Items listed in a dataset

****************************************

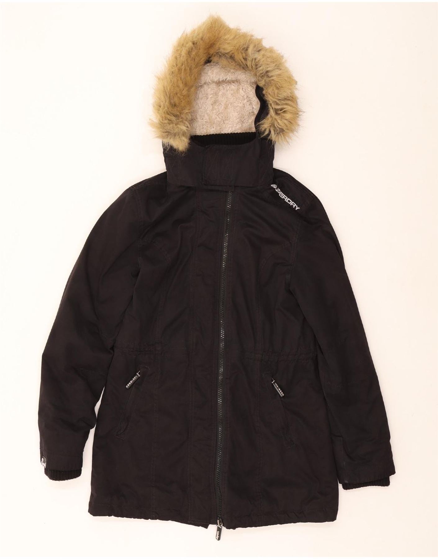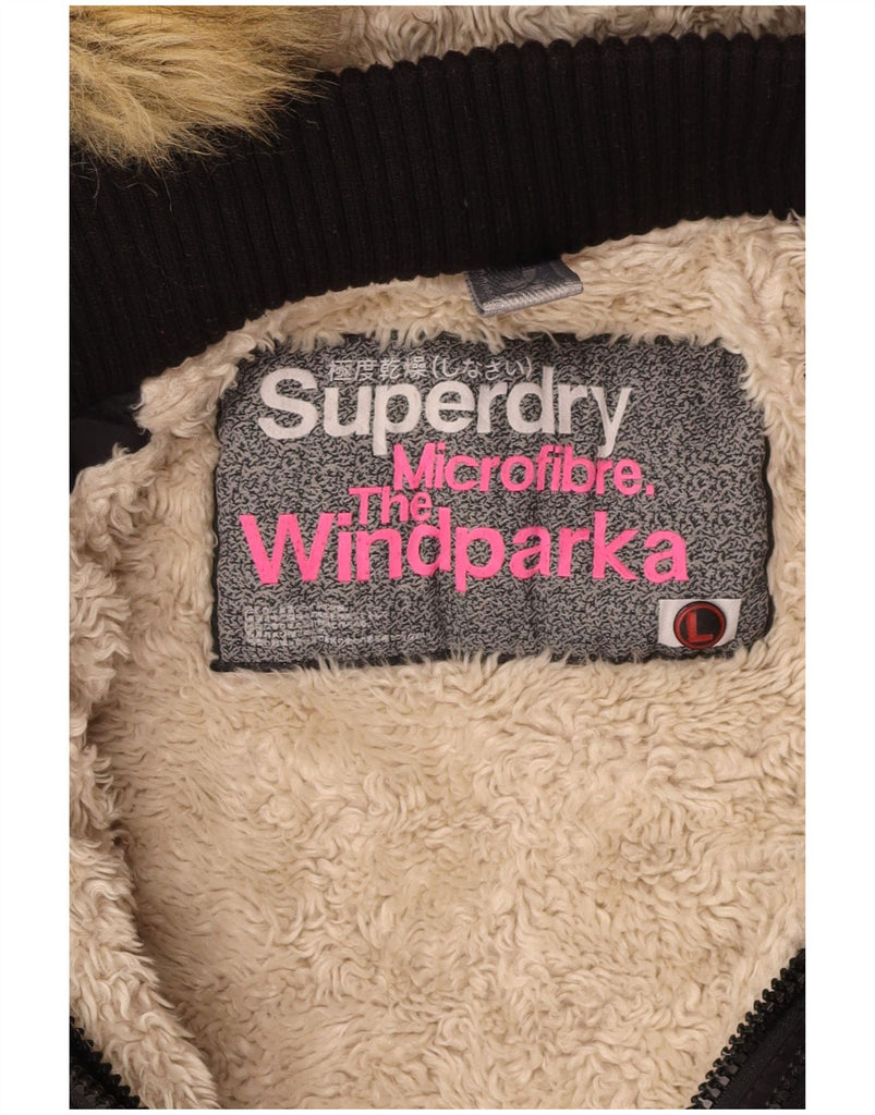 SUPERDRY Womens The windparka Graphic Parka Jacket UK 16 Large Black
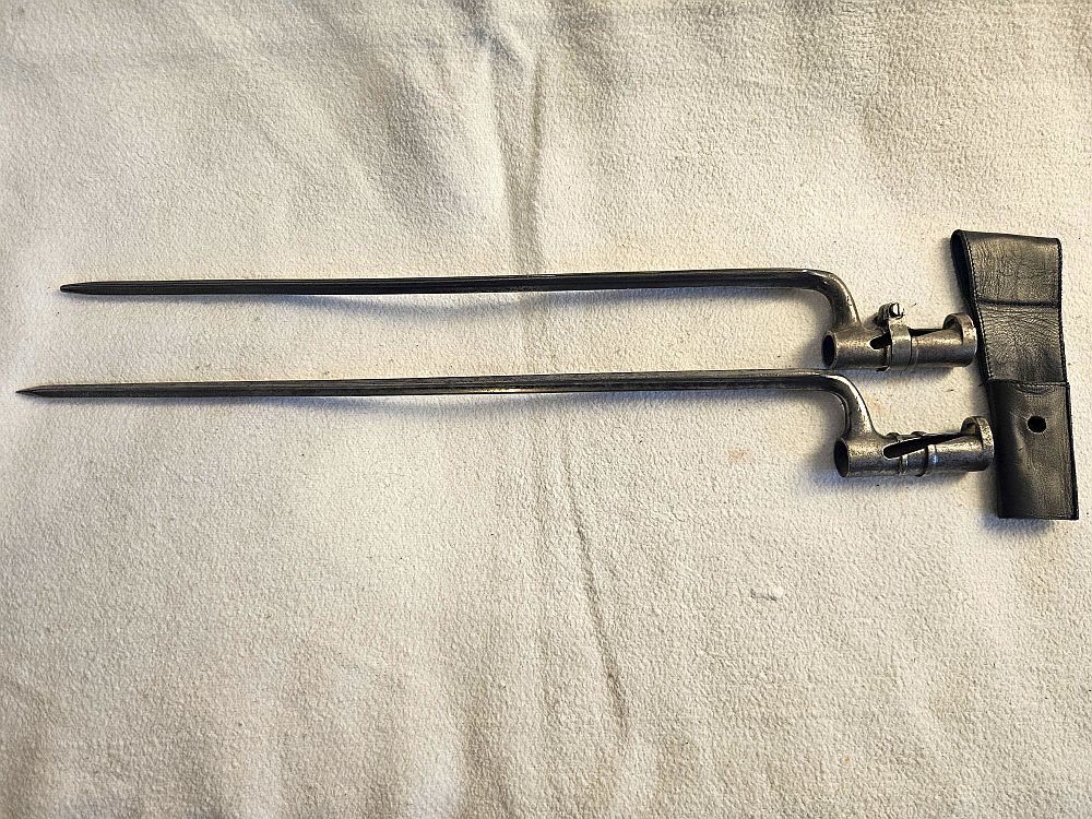 Eines der Bajonette mit Lederscheide (siehe Fotos).
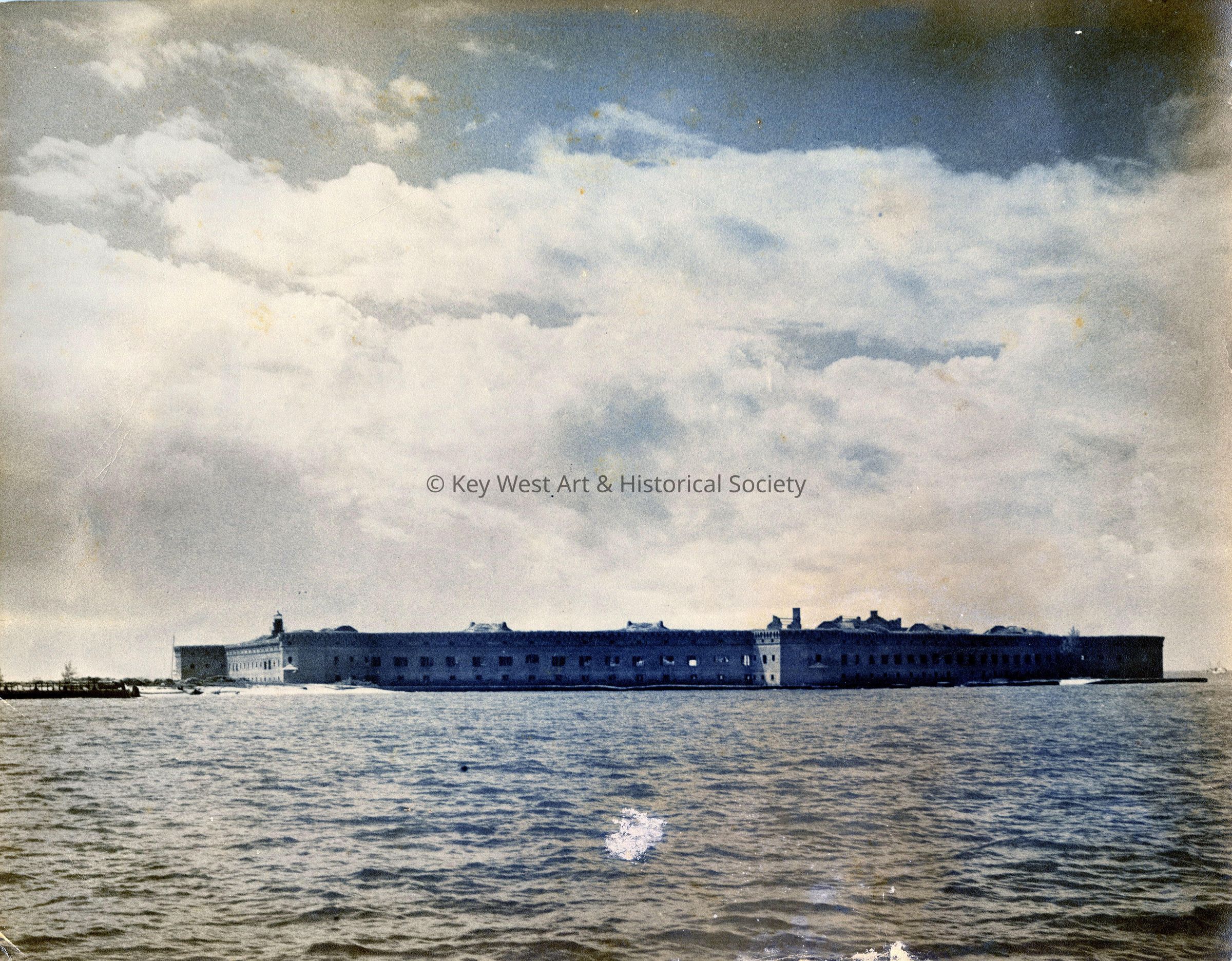 Black and white photograph of Fort Jefferson in the Dry Tortugas approaching the fort from the water.
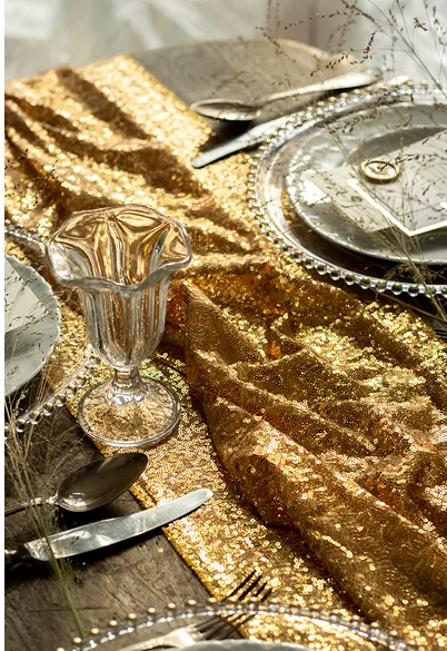 - Bieżnik wykonany z siateczki dekoracyjnej, ozdobionej złotymi cekinami.
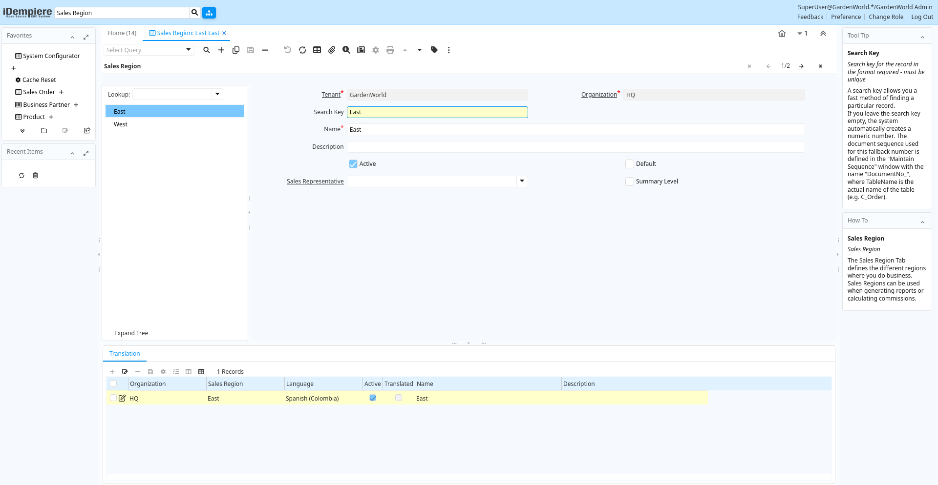 | Search Key | Search key for the record in the format required - must be unique | A search key allows you a fast method of finding a particular record.If you leave the search key empty, the system automatically creates a numeric number. The document sequence used for this fallback number is defined in the "Maintain Sequence" window with the name "DocumentNo_", where TableName is the actual name of the table (e.g. C_Order). | c_salesregion.Value character varying(40) String |
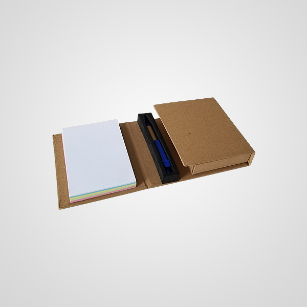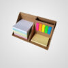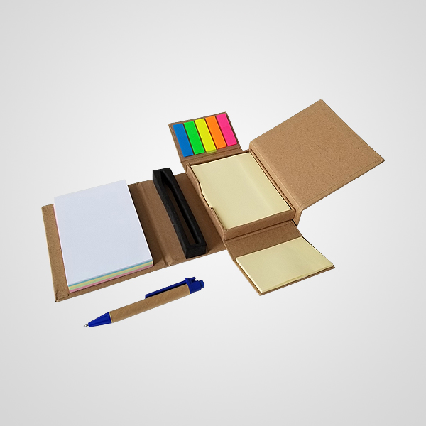 Contiene taco adhesivo central, taco adhesivo lateral (menor tamaño), señaladores adhesivos y taco tipo libreta lateral, también el bolígrafo en su contenedor.
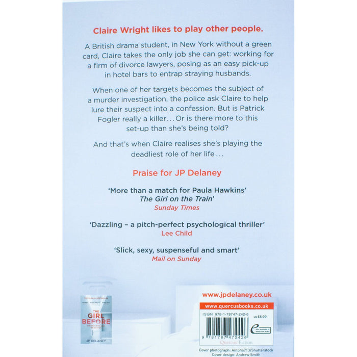 The Girl Before:Jane stumbles on the rental opportunity of a lifetime: the chance to live in a beautiful ultra-minimalist house designed by an enigmatic architect, on condition she abides by a long list of exacting rules. After moving in, she discovers that a previous tenant, Emma, met a mysterious death there - and starts to wonder if her own story will be a re-run of the girl before.A British drama student, in New York without a green card, Claire takes the only job she can get: working for a firm of divorce lawyers, posing as an easy pick-up in hotel bars to entrap straying husbands.When one of her targets becomes the subject of a murder investigation, the police ask Claire to use her acting skills to help lure their suspect into a confession. But right from the start, she has doubts about the part she's being asked to play.The Perfect Wife: Abbie wakes in a hospital bed with no memory of how she got there. The man by her side explains that he's her husband. He's a titan of the tech world, the founder of one of Silicon Valley's most innovative startups. He tells Abbie she's a gifted artist, a doting mother to their young son, and the perfect wife.
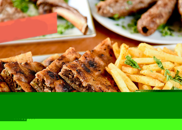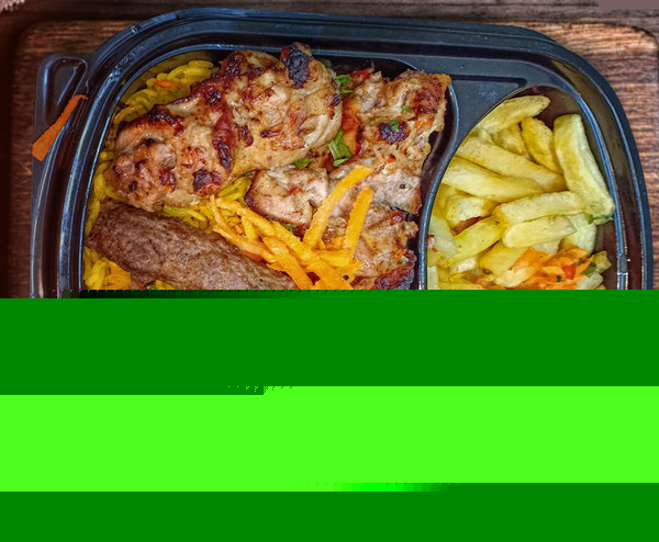 2 kofta, 2 tarb, steak slice, served with basmati rice, fries
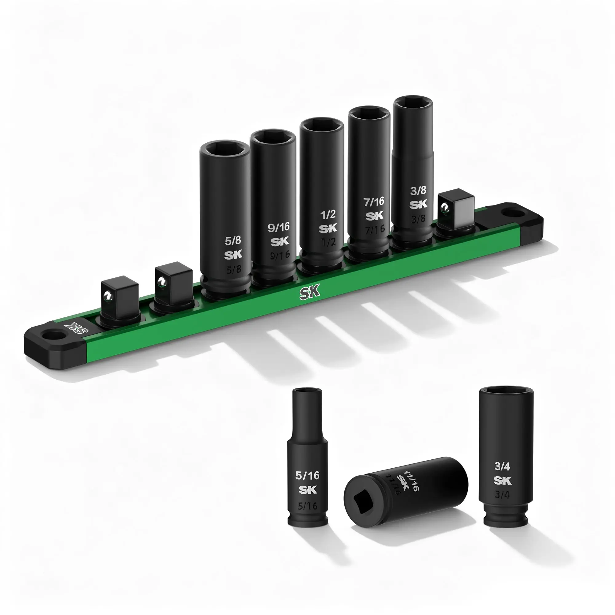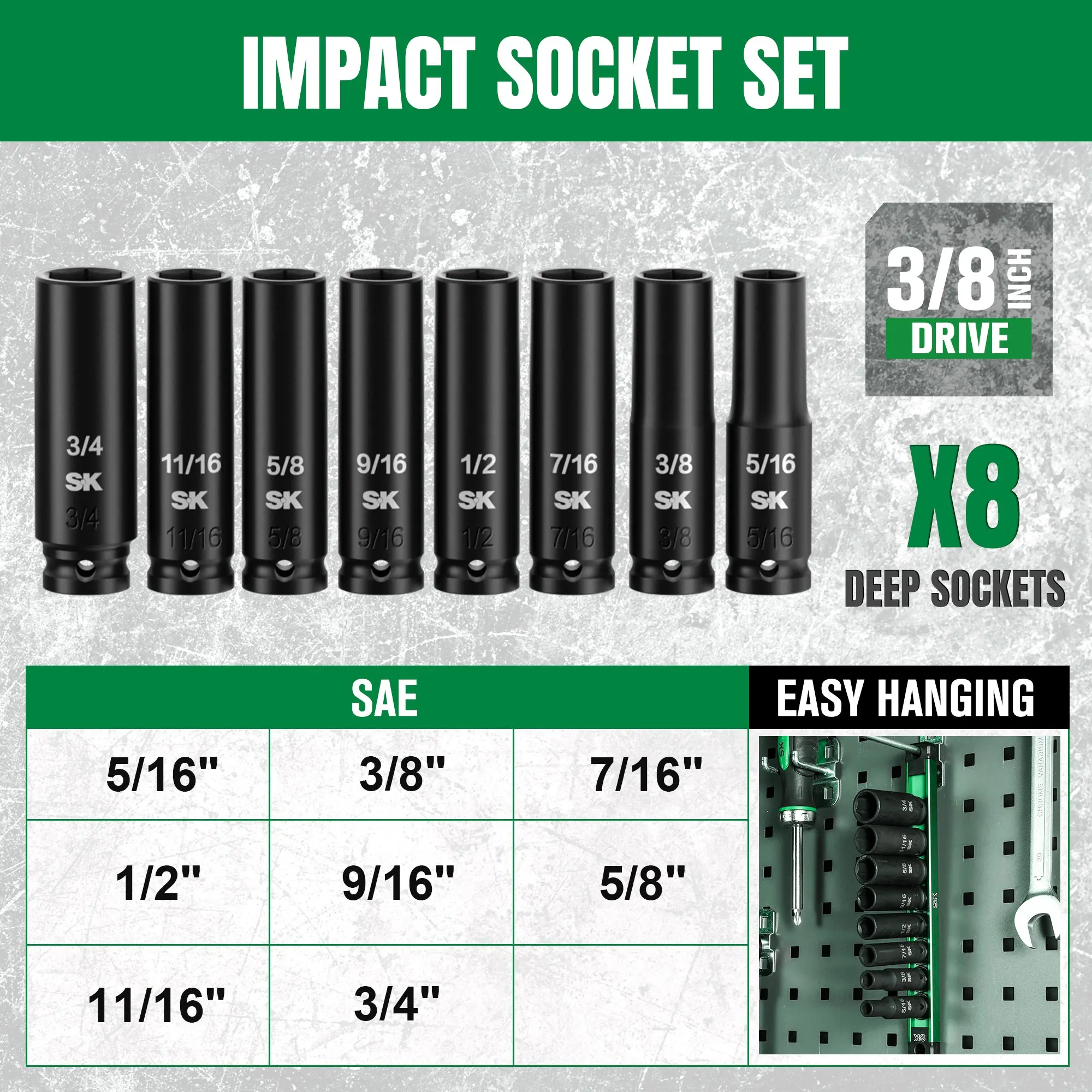 ·8-Piece 3/8" Drive Deep Impact Socket Set (SAE): Includes 5/16", 3/8", 7/16", 1/2", 9/16", 5/8", 11/16", and 3/4" sizes for a versatile range of applications
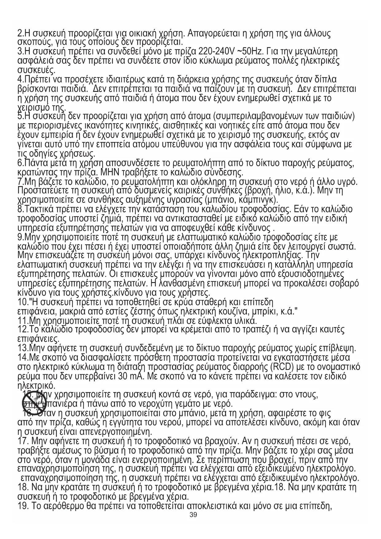 4.Πρέπει να προσέχετε ιδιαιτέρως κατά τη διάρκεια χρήσης της συσκευής όταν δίπλα βρίσκονται παιδιά. Δεν επιτρέπεται τα παιδιά να παίζουν με τη συσκευή. Δεν επιτρέπεται η χρήση της συσκευής από παιδιά ή άτομα που δεν έχουν ενημερωθεί σχετικά με το χειρισμό της. 5.Η συσκευή δεν προορίζεται για χρήση από άτομα (συμπεριλαμβανομένων των παιδιών) με περιορισμένες ικανότητες κινητικές, αισθητικές και νοητικές είτε από άτομα που δεν έχουν εμπειρία ή δεν έχουν ενημερωθεί σχετικά με το χειρισμό της συσκευής, εκτός αν γίνεται αυτό υπό την εποπτεία ατόμου υπεύθυνου για την ασφάλεια τους και σύμφωνα με τις οδηγίες χρήσεως. 6.Πάντα μετά τη χρήση αποσυνδέσετε το ρευματολήπτη από το δίκτυο παροχής ρεύματος, κρατώντας την πρίζα. ΜΗΝ τραβήξετε το καλώδιο σύνδεσης. 7.Μη βάζετε το καλώδιο, το ρευματολήπτη και ολόκληρη τη συσκευή στο νερό ή άλλο υγρό. Προστατεύετε τη συσκευή από δυσμενείς καιρικές συνθήκες (βροχή, ήλιο, κ.ά.). Μην τη χρησιμοποιείτε σε συνθήκες αυξημένης υγρασίας (μπάνιο, κάμπινγκ). 8.Τακτικά πρέπει να ελέγχετε την κατάσταση του καλωδίου τροφοδοσίας. Εάν το καλώδιο τροφοδοσίας υποστεί ζημιά, πρέπει να αντικατασταθεί με ειδικό καλώδιο από την ειδική υπηρεσία εξυπηρέτησης πελατών για να αποφευχθεί κάθε κίνδυνος . 9.Μην χρησιμοποιείτε ποτέ τη συσκευή με ελαττωματικό καλώδιο τροφοδοσίας είτε με καλώδιο που έχει πέσει ή έχει υποστεί οποιαδήποτε άλλη ζημιά είτε δεν λειτουργεί σωστά. Μην επισκευάζετε τη συσκευή μόνοι σας, υπάρχει κίνδυνος ηλεκτροπληξίας. Την ελαττωματική συσκευή πρέπει να την ελέγξει ή να την επισκευάσει η κατάλληλη υπηρεσία εξυπηρέτησης πελατών. Οι επισκευές μπορούν να γίνονται μόνο από εξουσιοδοτημένες υπηρεσίες εξυπηρέτησης πελατών. Η λανθασμένη επισκευή μπορεί να προκαλέσει σοβαρό κίνδυνο για τους χρήστες.κίνδυνο για τους χρήστες. 10."Η συσκευή πρέπει να τοποθετηθεί σε κρύα σταθερή και επίπεδη επιφάνεια, μακριά από εστίες ζέστης όπως ηλεκτρική κουζίνα, μπρίκι, κ.ά." 11.Μη χρησιμοποιείτε ποτέ τη συσκευή πλάι σε εύφλεκτα υλικά. 12.Το καλώδιο τροφοδοσίας δεν μπορεί να κρέμεται από το τραπέζι ή να αγγίζει καυτές επιφάνειες. 13.Μην αφήνετε τη συσκευή συνδεδεμένη με το δίκτυο παροχής ρεύματος χωρίς επίβλεψη. 14.Με σκοπό να διασφαλίσετε πρόσθετη προστασία προτείνεται να εγκαταστήσετε μέσα στο ηλεκτρικό κύκλωμα τη διάταξη προστασίας ρεύματος διαρροής (RCD) με το ονομαστικό ρεύμα που δεν υπερβαίνει 30 mA. Με σκοπό να το κάνετε πρέπει να καλέσετε τον ειδικό
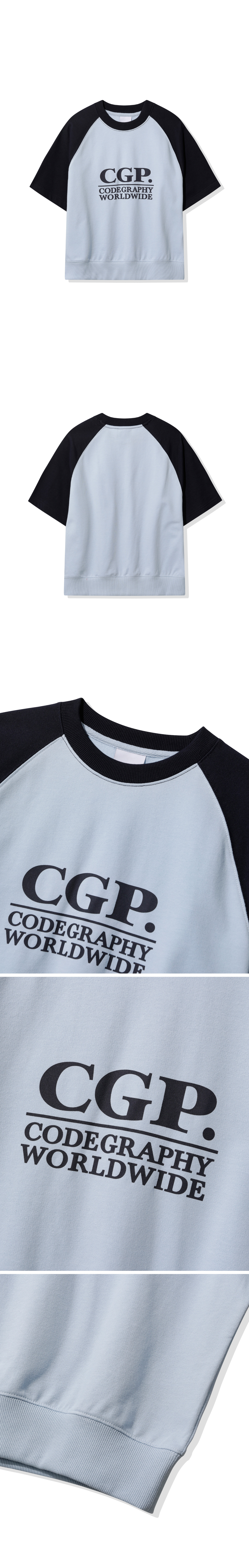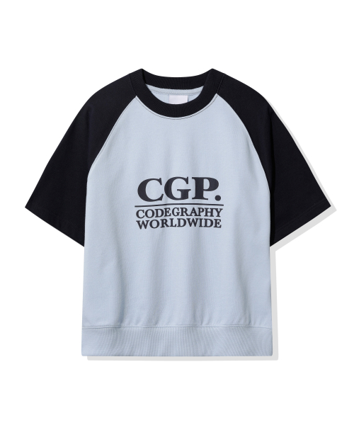(우먼) 스퀘어 로고 배색 반소매 맨투맨_스카이블루

****************************************

**WORK INSTRUCTION**
Could you copy, exactly and with no pictures, each line from the first one above to the line holding "- Bieżnik wykonany"?

**YOUR SOLUTION**
 SUPERDRY Womens The windparka Graphic Parka Jacket UK 16 Large Black
 Eines der Bajonette mit Lederscheide (siehe Fotos).
 Black and white photograph of Fort Jefferson in the Dry Tortugas approaching the fort from the water.
 - Bieżnik wykonany z siateczki dekoracyjnej, ozdobionej złotymi cekinami.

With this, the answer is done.